The proposed mission would be most closely related to the Pioneer and Voyager treks to the outer edge of the Solar System (and beyond), but instead of following the system's horizontal planet-harboring plane, the craft would travel vertically, in a perpendicular direction. This would allow the finer scale gravitational perturbations caused by the planets and Kuiper Belt to be averaged away, leaving mostly the pull of the Sun itself.
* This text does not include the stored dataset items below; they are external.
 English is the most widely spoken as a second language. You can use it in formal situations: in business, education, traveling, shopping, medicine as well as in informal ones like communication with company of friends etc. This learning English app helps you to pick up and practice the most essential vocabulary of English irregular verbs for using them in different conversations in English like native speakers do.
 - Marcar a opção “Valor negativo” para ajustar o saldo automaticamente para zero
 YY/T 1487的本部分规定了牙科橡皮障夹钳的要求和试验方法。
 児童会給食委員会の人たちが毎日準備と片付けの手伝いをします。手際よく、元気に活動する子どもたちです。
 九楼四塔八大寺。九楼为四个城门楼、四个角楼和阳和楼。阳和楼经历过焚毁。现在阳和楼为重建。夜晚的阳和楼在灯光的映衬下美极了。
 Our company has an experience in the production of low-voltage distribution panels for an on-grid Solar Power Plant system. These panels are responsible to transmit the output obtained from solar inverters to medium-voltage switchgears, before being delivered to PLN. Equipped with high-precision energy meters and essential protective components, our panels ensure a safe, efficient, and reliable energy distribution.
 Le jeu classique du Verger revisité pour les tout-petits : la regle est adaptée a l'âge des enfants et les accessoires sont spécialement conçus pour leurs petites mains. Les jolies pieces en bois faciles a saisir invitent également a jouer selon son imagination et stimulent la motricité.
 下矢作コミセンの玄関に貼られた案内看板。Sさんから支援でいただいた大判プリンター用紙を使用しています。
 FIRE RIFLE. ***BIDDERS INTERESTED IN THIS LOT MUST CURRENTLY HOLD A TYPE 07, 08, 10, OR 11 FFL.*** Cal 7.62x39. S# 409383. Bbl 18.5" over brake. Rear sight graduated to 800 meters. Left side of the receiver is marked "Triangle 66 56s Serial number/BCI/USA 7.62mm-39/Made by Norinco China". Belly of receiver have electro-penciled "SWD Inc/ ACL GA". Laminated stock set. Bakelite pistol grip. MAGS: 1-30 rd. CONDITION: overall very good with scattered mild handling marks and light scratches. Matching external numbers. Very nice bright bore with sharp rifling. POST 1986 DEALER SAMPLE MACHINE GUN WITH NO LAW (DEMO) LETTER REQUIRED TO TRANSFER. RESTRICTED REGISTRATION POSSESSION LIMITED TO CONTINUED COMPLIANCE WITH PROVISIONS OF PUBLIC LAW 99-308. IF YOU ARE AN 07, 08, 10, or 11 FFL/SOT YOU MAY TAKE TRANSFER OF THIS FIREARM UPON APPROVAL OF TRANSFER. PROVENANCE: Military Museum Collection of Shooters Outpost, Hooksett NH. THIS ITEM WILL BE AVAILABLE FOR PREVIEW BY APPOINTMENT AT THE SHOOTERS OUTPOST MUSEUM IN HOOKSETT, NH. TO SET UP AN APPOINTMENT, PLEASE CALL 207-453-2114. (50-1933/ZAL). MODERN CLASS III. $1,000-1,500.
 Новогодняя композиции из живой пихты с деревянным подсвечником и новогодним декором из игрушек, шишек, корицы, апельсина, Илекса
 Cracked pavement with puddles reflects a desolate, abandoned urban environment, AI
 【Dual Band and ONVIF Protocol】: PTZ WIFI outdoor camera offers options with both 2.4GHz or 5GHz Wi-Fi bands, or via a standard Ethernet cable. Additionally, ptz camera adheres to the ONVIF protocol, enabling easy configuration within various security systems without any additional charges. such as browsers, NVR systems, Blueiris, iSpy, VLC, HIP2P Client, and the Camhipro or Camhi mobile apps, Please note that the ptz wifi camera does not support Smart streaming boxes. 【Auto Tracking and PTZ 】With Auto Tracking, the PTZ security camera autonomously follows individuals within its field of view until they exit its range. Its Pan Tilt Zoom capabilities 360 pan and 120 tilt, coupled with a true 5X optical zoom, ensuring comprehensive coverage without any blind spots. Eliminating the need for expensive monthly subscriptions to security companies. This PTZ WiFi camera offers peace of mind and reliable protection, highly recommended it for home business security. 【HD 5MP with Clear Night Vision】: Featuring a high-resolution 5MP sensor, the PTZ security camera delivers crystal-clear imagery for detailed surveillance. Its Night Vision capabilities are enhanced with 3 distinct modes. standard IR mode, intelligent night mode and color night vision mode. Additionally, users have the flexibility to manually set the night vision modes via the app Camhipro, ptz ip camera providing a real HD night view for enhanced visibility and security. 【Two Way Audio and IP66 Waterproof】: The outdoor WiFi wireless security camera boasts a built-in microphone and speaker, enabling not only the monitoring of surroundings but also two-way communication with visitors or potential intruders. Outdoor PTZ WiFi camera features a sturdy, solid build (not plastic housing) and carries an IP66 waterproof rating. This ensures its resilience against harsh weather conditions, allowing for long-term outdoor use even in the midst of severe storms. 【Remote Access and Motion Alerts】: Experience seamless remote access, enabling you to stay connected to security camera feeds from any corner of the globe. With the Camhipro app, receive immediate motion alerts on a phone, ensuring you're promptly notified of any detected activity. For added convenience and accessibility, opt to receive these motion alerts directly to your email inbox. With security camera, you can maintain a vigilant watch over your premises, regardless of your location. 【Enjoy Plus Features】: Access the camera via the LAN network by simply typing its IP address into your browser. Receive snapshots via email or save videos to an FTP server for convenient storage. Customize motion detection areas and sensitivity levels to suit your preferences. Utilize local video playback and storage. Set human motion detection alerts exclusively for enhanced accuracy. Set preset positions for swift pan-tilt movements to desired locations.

"When you want to measure this tiny deviation in the Sun's gravity, there's so many other larger effects that you have to control for," Tim Wiser, one of the paper's co-authors, told me over Skype. "Many are just the gravities of the other planets and bodies in the Solar System. The really big effect on our uncertainty is the Kuiper Belt."
The Kuiper Belt isn't so much enormously massive as it is uncharted. Accounting for its effects on a nearby craft would be difficult, but with a space probe cruising upward and above it rather than right into it, the effects could be averaged together and, thus, accounted for.
After having been rocketed into position and set on its way, the spacecraft would essentially consist of only a spherical 200 kilogram shell—as symmetrical as possible to reduce its own gravitational effects—and a small "proof mass." The idea is that this mass, as the spacecraft coasts outward through the Solar System to an eventual target distance of 100 astronomical units (AU), will only be affected by gravity.
"If gravity itself is modified, you'd expect to see that if the Sun, instead of having a 1/r2 force law, has some slightly different force law at large distances," Wiser explained.
Deviations from the expected gravitational forces can be viewed with respect to the Yukawa force. This is a generic "extra something" that can be tacked onto the inverse-square law with the effect of modifying in such a way that the gravitational constant, the strength of gravity, becomes a function of distance rather than a strict constant-constant. We know gravity feels weaker as we move away from its source because it becomes more and more watered down, but the Yukawa interaction would also mandate that, as distance increases, there's also just less gravitational force to water down in the first place.
Modified gravity theories that try to explain the apparent gravitational effects of dark matter—the "missing" 85 percent of the material universe—aren't especially popular, largely because most evidence really does suggest the presence of a large amount of extra stuff. But when it comes to dark energy, the enigmatic something that is causing the universe to expand faster and faster, wild ideas can get a bit more play for the simple reason that there should be a lot more of it to account for the universe we see today.
"The basic idea is that, very naively, we've discovered dark energy but it has a value that is much tinier than it should be," Wiser said. "So, this is a huge discrepancy than what we'd naively expect, which is based off of what we've measured it to be. One way of getting at that problem is that say that maybe dark energy is really large, but gravity doesn't feel the full effect of it somehow. Maybe, at very large scales, maybe gravity tapers off."
The Stanford proposal is very preliminary and Wiser noted that it may have to be combined with some other experiments onto one craft make the mission feasible. It's only our most primitive and basic of physics intuitions at stake.
An open-access pre-print version of the Stanford paper can be viewed at arXiv.